家庭紙を立て直すには、なぜフェラーリは日本の高級車の3倍で売れるのかを、私だけでなく社員が理解しなければならないと考えました。儲からないのを他部署のせいにする体質も改める必要がありました。

 凝り固まった社員の意識を変えるために2年間、毎週土日に泊まり込みの研修をやってマーケティングやマネジメントを叩き込みました。社員はローテーションだったから数ヵ月に一度でしたが、私は毎週土日休みなくこれを続けた。

 研修ではなぜ上手くいかないのかを社員に発表させ、机を叩きながら“吊し上げ”ました。いまだったらブラックと言われそうなやり方です。

ファミリーの株式評価額が上昇
服役後、仕事もせずやっていける理由

──それはオーナーだからできたと。

 当時の役職は専務取締役家庭紙事業部長ですが、30歳そこそこの若造でした。サラリーマンだったらできっこないです。

 私が家庭紙を離れるとき、当初500億円だった売上は倍増。経常利益で80億円を計上し、赤字を解消しました。5年間で利益を160億円ほど引き上げたわけです。

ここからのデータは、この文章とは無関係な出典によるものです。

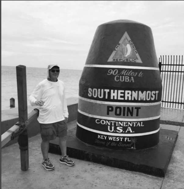
Key West, FL (June 2016)

For a week in June 2016, the author along with his two grandsons and son-in-law carried this 13'x6' cross from Key Largo, FL, to the Southern Most Point of the United States.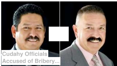
Cudahy Officials Accused of Bribery...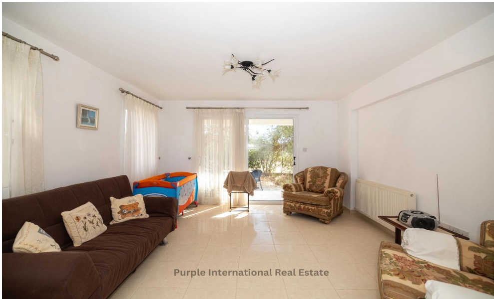
Purple International Real Estate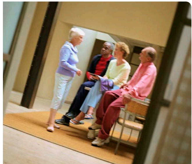
Sharing your feelings with friends or joining a support group may be a good way to ease the pressure you feel as a caregiver.

Provides resource referrals and information for caregivers and strives to be a voice for caregivers to the public and Capitol Hill. A newsletter and caregiving greeting cards are available to members. Provides free membership to caregivers.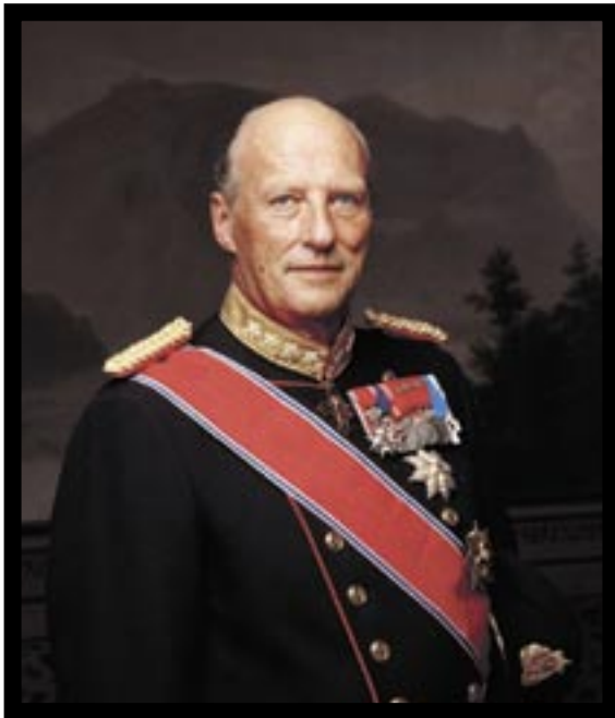
His Majesty King Harald V of Norway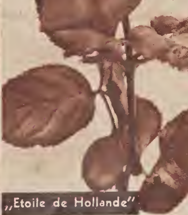
„Etoile de Hollande“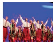
The "Ukraina" Dance Ensemble August 19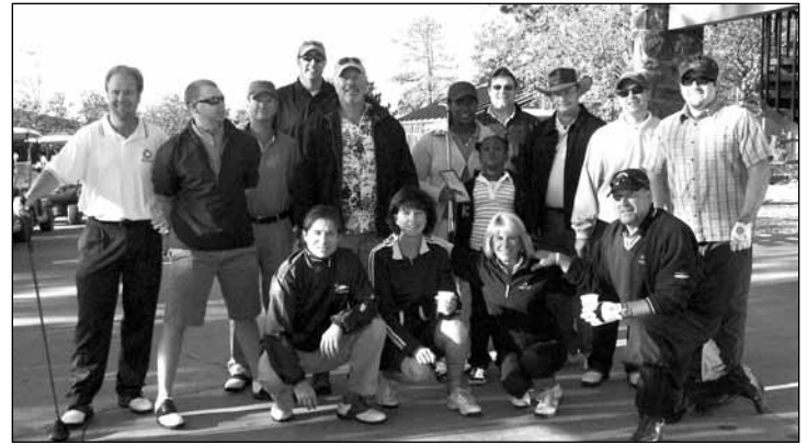
Golfers at the UPCS Annual Golf Challenge pose before heading out to play 30-plus holes to raise money for our youth and programs.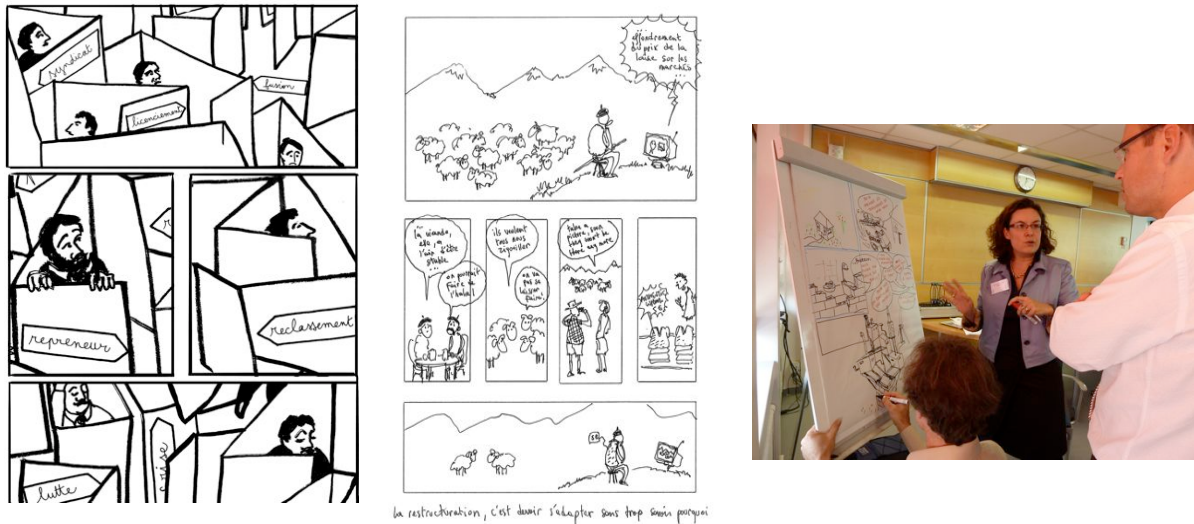
Fig. 3. Two comics realized by the participants (the first redesigned by young illustrators) and a picture the comic strip workshop (seminar 4)

The fourth seminar was an opportunity to propose a workshop about "comic strip" in which participants were invited to speak metaphorically as individual and as a group around their representation of restructuring by completing and illustrating the words: "Restructuring is like...".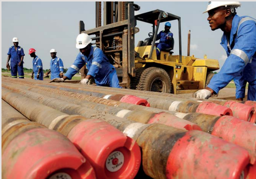
Tullow employees working at the Takoradi pipe-yard in Ghana.

A strong focus throughout the year on health and safety delivered the Group's best ever performance, placing Tullow in the top quartile in the industry.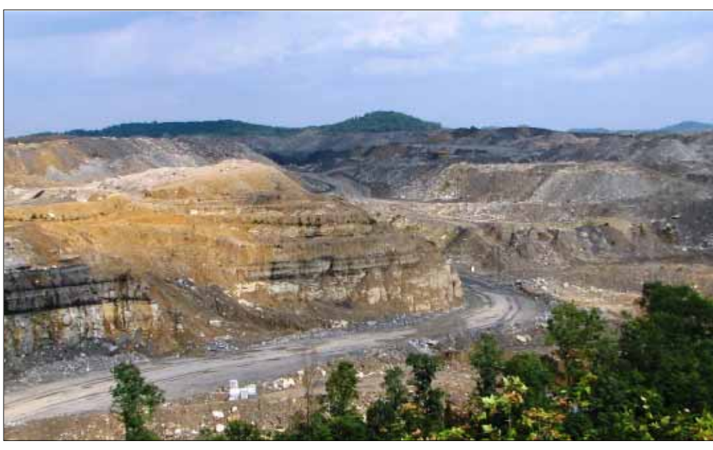
We can only hope that the EPA will view mountaintop removal mining in a different light than the Army Corps of Engineers, which sees this type of wholesale destruction and devastation as something minor.

 今だから話しますが、事件後の対応でもオーナーとサラリーマン社長(である大王製紙現社長の佐光正義氏)の責任感の違いは大きかった。

 私の借金を返すためにどう資金を捻出しようかとなったとき、ファミリーが持っていた大王製紙関連の株式を売ることになりました。

 実は、その売値が佐光氏のおかげで2.5倍以上の440億円になったのです。

 当初はファミリーが大王製紙の経営者として残っていたので非上場株は純資産価額方式で評価する必要があった。しかし、問題を起こした私が顧問から外されただけでなく、父や弟も大王製紙から排除されたので、ファミリーの株式売却は当事者間の取引から第三者との取引になり、税務上の制約が外れて評価額が跳ね上がったのです。

 おかげで服役後、こうして仕事もせずやっていける。皮肉なものです。

 一方で、この440億円のディールは社員や株主のためになったのでしょうか。ファミリーを排除して佐光氏は権力を安泰にした。しかし、そのために大王製紙に約300億円(純資産価額方式による評価額と実際の売値の差額)を余計に使わせているのです。

 これはサラリーマン社長の悪いところと言えます。会社のリスクは自分のリスクじゃないわけです。